Chapter 5 – Controlling the Flow of Data
In this very important for ETL developers chapter we will learn how to control the flow of data. In particular we will cover the following topics: Copying and distributing rows, Splitting streams based on conditions and merging streams of data.
Chapter 6 – Transforming Your Data by Coding
Chapter 7 – Transforming the Rowset
This chapter will be dedicated to learn how to convert rows to columns (denormalizing) and converting columns to rows (normalizing) . Furthermore, you will be introduced to a very important topic in data warehousing called time dimensions.
Chapter 8 – Working with databases
This is the firs of two chapters fully dedicated to working with databases. We will learn how to connect to a database, preview and get data from a database and insert/update/delete data from a database.
Chapter 9 – Performing Advanced Operations with Databases
This chapter explains different advanced operations with databases: Doing simple and complex lookups in a database. Besides an introduction in dimensional modeling and loading dimensions is included.
Chapter 10 – Creating Basic Task Flows
So far, we have been working with data (running transformations). A PDI transformation does not run in isolation and usually is embedded in a bigger process. These processes like generating a daily report and transfer the report to a shared repository or updating a data ware house and sending a notification by email can be implemented by PDI jobs. In this chapter we will be introduced to jobs, executing tasks upon conditions and working with arguments and named paramenters.
Chapter 11 – Creating Advanced Transformations and Jobs
This chapter is about learning techniques for creating complex transformations and jobs (create subtransformations, implement process flows, nest jobs, iterate the execution of jobs and transformations …)

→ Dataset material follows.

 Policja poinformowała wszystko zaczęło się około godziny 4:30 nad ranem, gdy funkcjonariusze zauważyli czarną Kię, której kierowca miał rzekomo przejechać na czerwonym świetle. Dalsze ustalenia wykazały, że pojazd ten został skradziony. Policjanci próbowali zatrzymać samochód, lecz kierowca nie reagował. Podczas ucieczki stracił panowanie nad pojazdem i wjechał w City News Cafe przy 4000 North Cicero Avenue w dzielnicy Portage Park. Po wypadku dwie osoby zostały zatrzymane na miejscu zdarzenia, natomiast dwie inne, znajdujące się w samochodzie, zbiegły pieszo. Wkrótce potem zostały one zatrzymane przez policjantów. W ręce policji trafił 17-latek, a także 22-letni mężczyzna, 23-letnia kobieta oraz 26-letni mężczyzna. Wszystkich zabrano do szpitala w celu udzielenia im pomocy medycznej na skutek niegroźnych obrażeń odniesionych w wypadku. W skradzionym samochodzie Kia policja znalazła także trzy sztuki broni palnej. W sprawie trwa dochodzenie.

Chapter 12 – Developing and Implementing a Simple Datamart
This chapter will cover the following: Introduction to a sales datamart based on a provided database, loading the dimensions and fact table of the sales datamart and automating what has been done.

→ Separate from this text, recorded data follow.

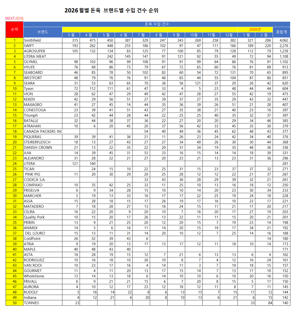 2026년 2월기준 월별 돈육 브랜드별 수입 건수 순위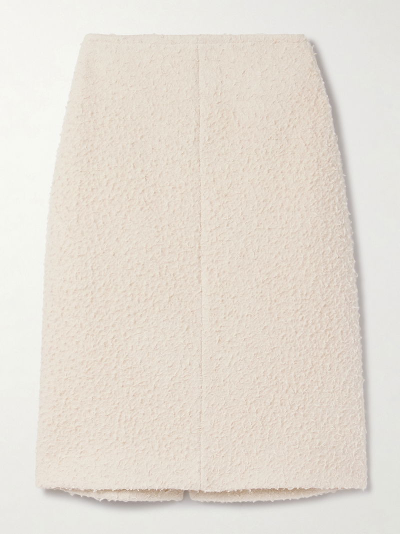 The Row's 'Malva' skirt is made from wool and llama-blend with a tactile, brushed finish. Simple and sophisticated, it's tailored for a slim fit and has a slit at the back for comfortable movement. Style it as part of a tonal outfit.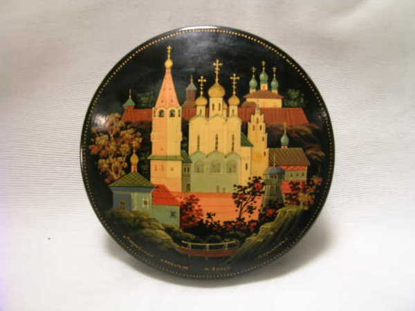 RUSSIAN LACQUERED BOX SIGNED ROUND

Appendix A- Working With Repositories
PDI allows us storing our transformations and jobs under 2 different configurations: file-based and database repository. Along this book we have used file-based option, however the database repository is convenient in some situations.
Appendix B- Pan and Kitchen – LaunchingTransformations and Jobs from the Command Line
Despite having used Spoon as the tool for running jobs and transformation you may also run them from a terminal window. Pan is a cmd-line program which lets you launche the transformations designed in Spoon, both the .ktr files and from a repository. The counterpart to Pan is Kitchen, which allows you to run jobs from .kjb files and from a repository.
Appendix C- Quick Reference – Steps and Job Entries
This appendix summarizes the purpose of the steps and jobs entries used in the labs throughout the book.
Appendix D- Spoon Shortcuts
This very useful appendix includes tables summarizing the main Spoon shortcuts.
Appendix E- Introducing PDI 5 features
New PDI 5 features (PDI 5 is currently available now)